One significant drawback of existing methods of model deployment is that for each promotion of the model (for example from the integration environment to the UAT environment) the calling client-side application typically requires new application code and/or configuration ("config")

to be written and tested or libraries to be updated and code recompiled, before the model can be provided to the application in the new environment. This is a resource intensive process.

Access to the application is typically provided via an endpoint. On updating the application code, a new endpoint provides access to the updated application, and this new endpoint must therefore be provided to the client-side application or device, to enable the user to access the updated application. For example, where the endpoint is a URL, the URL will change as a result of the application update and the new URL must be communicated to client-side devices. Furthermore, when code changes the full client side application and model typically need to be tested. This means the development and data-science teams become fully dependent on each other. In practice this frequently means that the data-science team, who are responsible for creating the model, has to wait for the development team to complete their updates and testing, which can lead to significant delays and inefficiencies.

It will therefore be appreciated that promoting a model from one environment to another using existing methods requires a significant amount of time and code development, as well as communication with client-side devices.

Another significant drawback of existing methods is that, even within a single environment, it is similarly complex to change the model being used by an application within the environment. For example, an application running in a particular environment (for example the integration environment) may have a first machine learning model deployed therein. It may be desired to instead deploy a second machine learning model to the application in place of the first, for example because it has been discovered during training that the second machine learning model provides superior predictions. Changing the machine learning model being used by the application involves a similar process as was described above in relation to promoting a model across environments. In particular, changes to the application code are typically required and the altered code needs to be tested, compiled and redeployed. The endpoint used to access the application also needs to be changed and these changes need to be communicated to client-side devices, often alongside a client- side update. Once again, the data-science team, who are responsible for creating the model, has to wait for the development team to complete their updates and testing, leading to significant delays and inefficiencies.

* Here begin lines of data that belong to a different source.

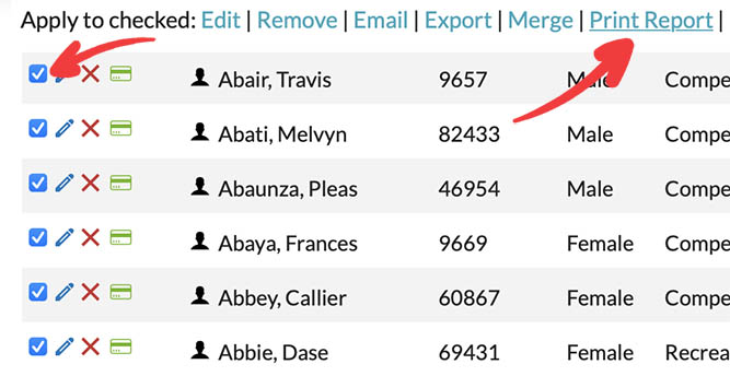 Please note that the system also allows you to create a "Print Report" for a subset of your registrants by following these steps:
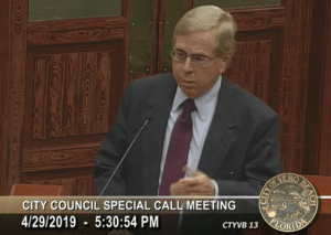 Four former City of Vero Beach mayors (one of whom currently sits on Council) were at the meeting to fight against any attempt to replace this important City Attorney position with an outside Orlando law firm. Former Mayor Richard Winger addressed Council on the mayors’ behalf as well as several members of the public. No one in the audience spoke in favor of any outside law firm. In fact, community activist Phyllis Frey presented several reasons why the Vose firm in particular should not be hired.
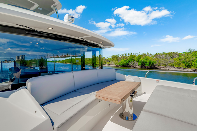 One of the main strengths of the Navetta 53 is its extraordinary livability: spacious areas and large windows offer an immersive marine view, while the carefully designed layout ensures ease of movement, with minimal steps, high ceilings, and space-saving sliding doors. The cockpit terrace is a versatile and spacious area, ideal for hosting guests from dawn to dusk. This space can be customized with modular furnishings, providing the freedom to adapt the environment to your needs. The glass aft parapet offers spectacular views, while the illuminated pathways at the bow enhance safety and ambiance. The flybridge, equipped with a command post and comfortable sofas, offers breathtaking views and an enriched sailing experience with a range of comforts, perfect for relaxing dinners and unforgettable moments.

It will therefore be appreciated that changing the model being used by an application in a particular environment using existing methods also requires a significant amount of time and code

development, as well as communication with client-side devices.

As can be seen, significant drawbacks exist in existing model deployment methods. It would be advantageous to provide systems and methods which address one or more of these problems, in isolation or in combination.

Overview

This overview introduces concepts that are described in more detail in the detailed description. It should not be used to identify essential features of the claimed subject matter, nor to limit the scope of the claimed subject matter.

A machine learning model (or machine learning solution) can learn to approximate the relationship between a set of input observations and their observed outcomes. The machine learning model (or machine learning solution) can be used to make predictions of the outcome of new input observations, the actual outcomes of which are unknown. Typically, a machine learning model (or machine learning solution) comprises a series of algorithms and transformations which can learn to approximate the relationship between a set of input observations and their observed outcomes.

Typically, once any elements associated with the model are updated, the model is deemed to be a new model. Such elements may include, for example, the training data used to train the model, the parameters which the model is configured to run predictions based on and/or the model configuration ("config").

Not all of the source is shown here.